> [Instructions for the task]
Pictures stay out of the copy. Repeat exactly the lines from the first entry below through the line that contains "憑借獨有的專業(yè)科研創", and nothing beyond.

> [Provided information]

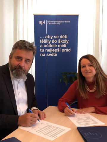 Memorandum podepsali ředitel NPI ČR Ivo Jupa a Petra Prošková, ředitelka Elixír do škol, z. ú.
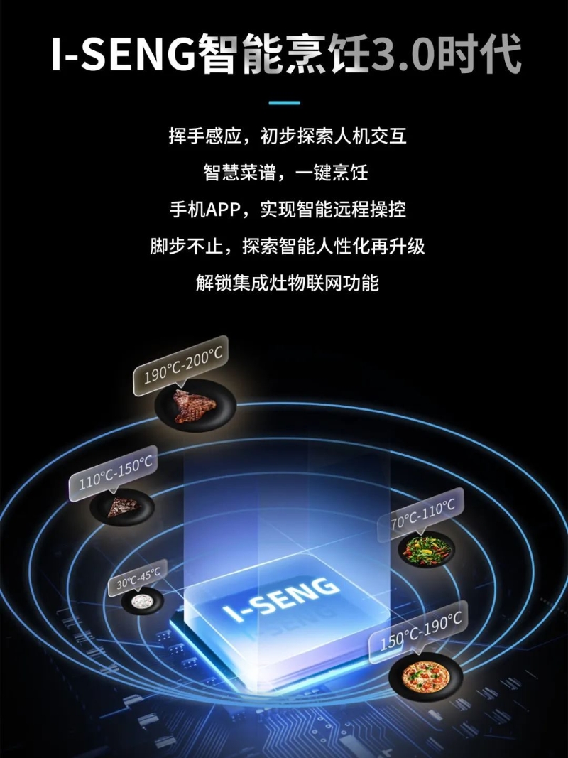 憑借獨有的專業(yè)科研創(chuàng)新能力,森歌集成灶的i-SENG智能烹飪系統(tǒng)經(jīng)過了從1.0到4.0的不斷升級進化。
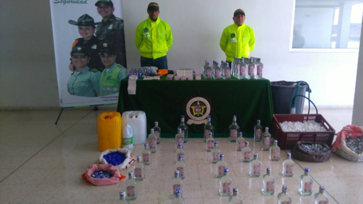 En las dos viviendas fueron incautado media pimpina de alcohol, 50 pecheras o etiquetas frontales para botellas de aguardiente; 100 tapas de color negro completas con cuello y gotero para botellas de ron, 100 tapas completas con cuello y gotero de aguardiente, 1.000 estampillas, 300 capuchones con logotipo de una fábrica de licores; 45 botellas de aguardiente de 1.000 c.c.; 20 botellas de aguardiente de 750 c.c.; 3 botellas de aguardiente de 2.500 c.c.; 169 estampillas representativas de aguardiente, 100 tapas representativas de aguardiente y una pimpina de aguardiente.
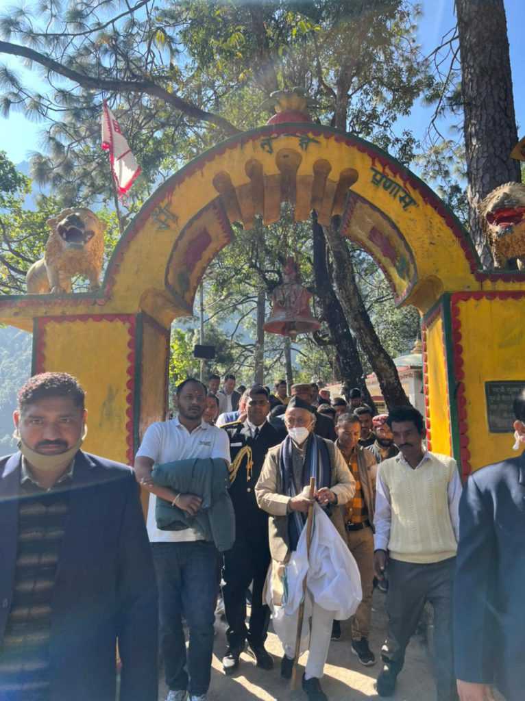 मुंबई : उत्तराखंड राज्यातील आपले जन्मगाव असलेल्या नामती चेताबगढ येथे दौऱ्यावर आलेल्या राज्यपाल भगत सिंह कोश्यारी यांनी आज जवळच असलेल्या प्रसिद्ध माँ भगवती मंदिरात जाऊन देवीचे दर्शन घेतले.चेताबगढ हे गाव बागेश्वर जिल्ह्यातील कपकोट तहसीलमध्ये आहे. पहाडी भागातून अतिशय दुर्गम वाटचाल करून या मंदिरात येताना राज्यपालांचे स्थानिक नागरिकांनी स्वागत केले.
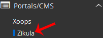 4. On the left side of your screen you should locate the "Portal/CMS" category. Click on it and then click on the "Zikula" link that will appear.

> [Result below]
 Memorandum podepsali ředitel NPI ČR Ivo Jupa a Petra Prošková, ředitelka Elixír do škol, z. ú.
 憑借獨有的專業(yè)科研創(chuàng)新能力,森歌集成灶的i-SENG智能烹飪系統(tǒng)經(jīng)過了從1.0到4.0的不斷升級進化。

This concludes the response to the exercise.